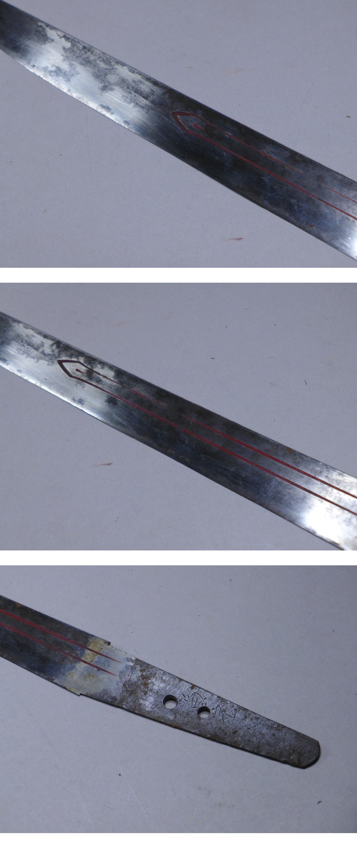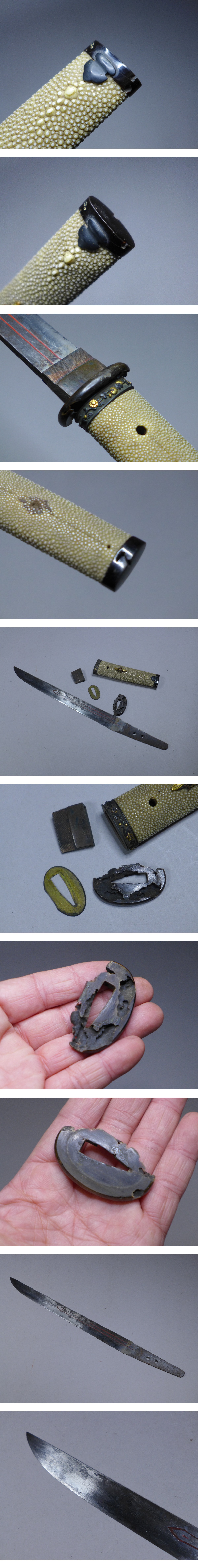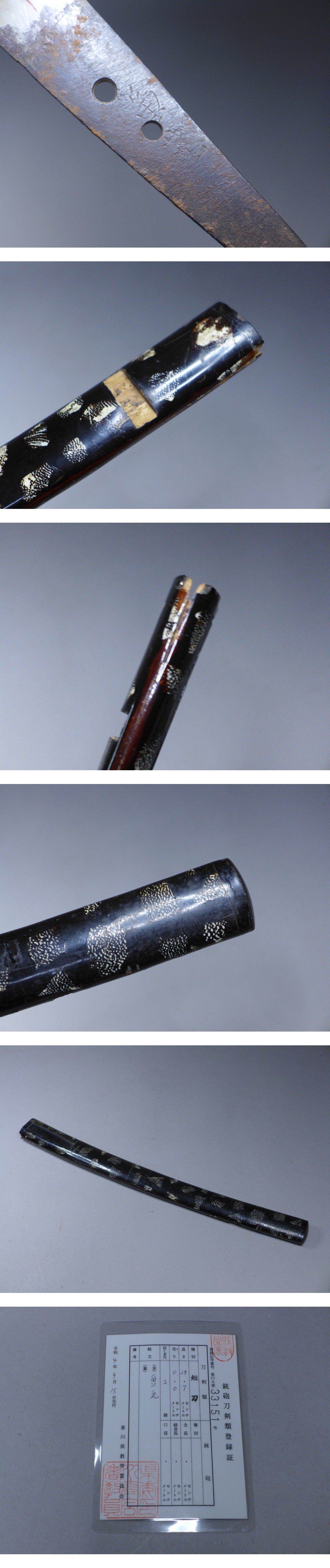 詳細サイズは画像の登録証をご覧下さい。元巾:約30mm。元重:約6・2mm。刀身重量:約227g。キズなどあり。当方このような物に詳しくない為に詳細などは分かりかねます。状態は画像参照でお願いします。ご了承の上お願いします。★★★落札者は、落札して購入後、銃砲刀剣類所持等取締法に もとづき都道府県の教育委員会に所有者変更の届出が必要です。★★★★★★★★★★★★★★★★★★★★★★★★★最近、悪質な入札者が多く非常に迷惑をしております。新規IDや「非常に悪い・悪い」の評価の多い方の入札はお断りさせて頂きます。 仮に入札があった場合でも、発見次第入札を削除させて頂く場合がございます(判断基準は弊社判断によります事予めご了承下さい。
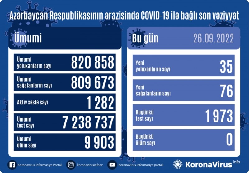Son sutkada Azərbaycanda yeni növ koronavirus (COVID-19) infeksiyasına 35 yoluxma faktı qeydə alınıb, 76 nəfər müalicə olunaraq sağalıb.
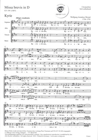 Gattungen: Missa brevis, lateinisch Reihen bei Carus: Stuttgarter Ausgaben (Urtext)

--- --- ---

*WHAT THIS TASK INVOLVES*.
Make an exact copy of the data above, pictures excluded.

*RESULT*.
 詳細サイズは画像の登録証をご覧下さい。元巾:約30mm。元重:約6・2mm。刀身重量:約227g。キズなどあり。当方このような物に詳しくない為に詳細などは分かりかねます。状態は画像参照でお願いします。ご了承の上お願いします。★★★落札者は、落札して購入後、銃砲刀剣類所持等取締法に もとづき都道府県の教育委員会に所有者変更の届出が必要です。★★★★★★★★★★★★★★★★★★★★★★★★★最近、悪質な入札者が多く非常に迷惑をしております。新規IDや「非常に悪い・悪い」の評価の多い方の入札はお断りさせて頂きます。 仮に入札があった場合でも、発見次第入札を削除させて頂く場合がございます(判断基準は弊社判断によります事予めご了承下さい。
Son sutkada Azərbaycanda yeni növ koronavirus (COVID-19) infeksiyasına 35 yoluxma faktı qeydə alınıb, 76 nəfər müalicə olunaraq sağalıb.
 Gattungen: Missa brevis, lateinisch Reihen bei Carus: Stuttgarter Ausgaben (Urtext)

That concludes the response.